The story of two districts 2,500 kilometers (1,600 miles) apart highlights that many key House races are dependent on suburban voters. While some in Brindisi are more rural and working class than the more educated and cosmopolitan outskirts of Houston, a primary factor will be how Trump is viewed in the district.

And that is a problem for the Republican Party.

Two years after a 40-seat increase fueled by victories in suburbs prompted Democrats to seize control of the House of Representatives, Republicans’ hopes of regaining the majority are collapsing along with Trump’s approval ratings.

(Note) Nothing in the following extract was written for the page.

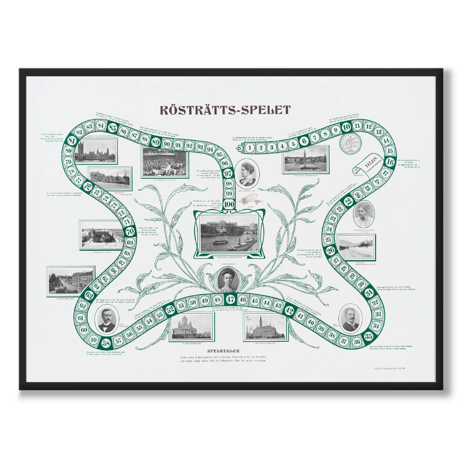 Det här motivet heter Rösträtts-spelet och är en fantastisk och stark illustration som visar kvinnorörelsens resa och framsteg i början av 1900-talet. Rösträtts-spelet föreställer ett tärningsspel och delades ut som vykort år 1910 för att propagera för kvinnors jämställdhet och rösträtt.
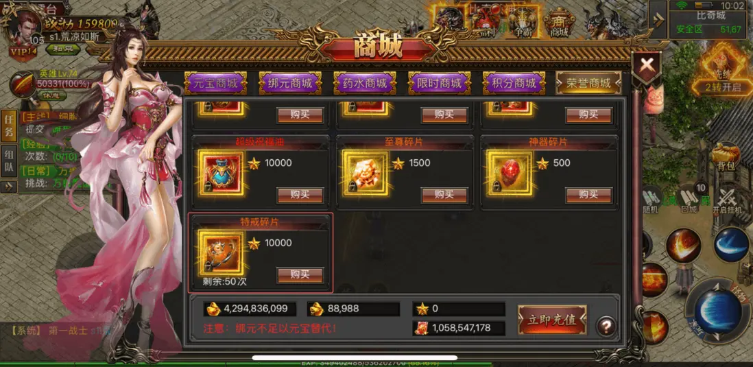 其中id = 7018值順序添加,item = 4094是特戒碎片的物品代碼,dayLimitCount = 50限定了每天只能兑換 50 次,{spid = "*", bind = true, type = 5, price = 10000, oldPrice = 0,}意思是綁定的、價格為 10000 榮譽值。

Some fear the party will lose seats, an agonizing disappointment of its dream of ever regaining control.

“My fear for Republicans is that there simply are not enough rural voters to make up for the losses they have suffered in the suburbs in recent years,” said former Representative Charlie Dent, who is critical of Trump. “It is certainly possible for Democrats to take more seats,” he added.

Democrats have a list of potential seats, including half a dozen Republican seats in Texas, plus others in Atlanta, Cincinnati, Los Angeles and Phoenix. They hope to win traditionally Democratic areas like Alaska, Indiana, Missouri, Nebraska and Virginia, while expelling Representative Jeff Van Drew from New Jersey, who left the Republican Party last year.

“We continue on the offensive,” said Rep. Cheri Bustos, who heads the Democrats’ campaign organization in the House of Representatives. She did not predict how many seats her party would win.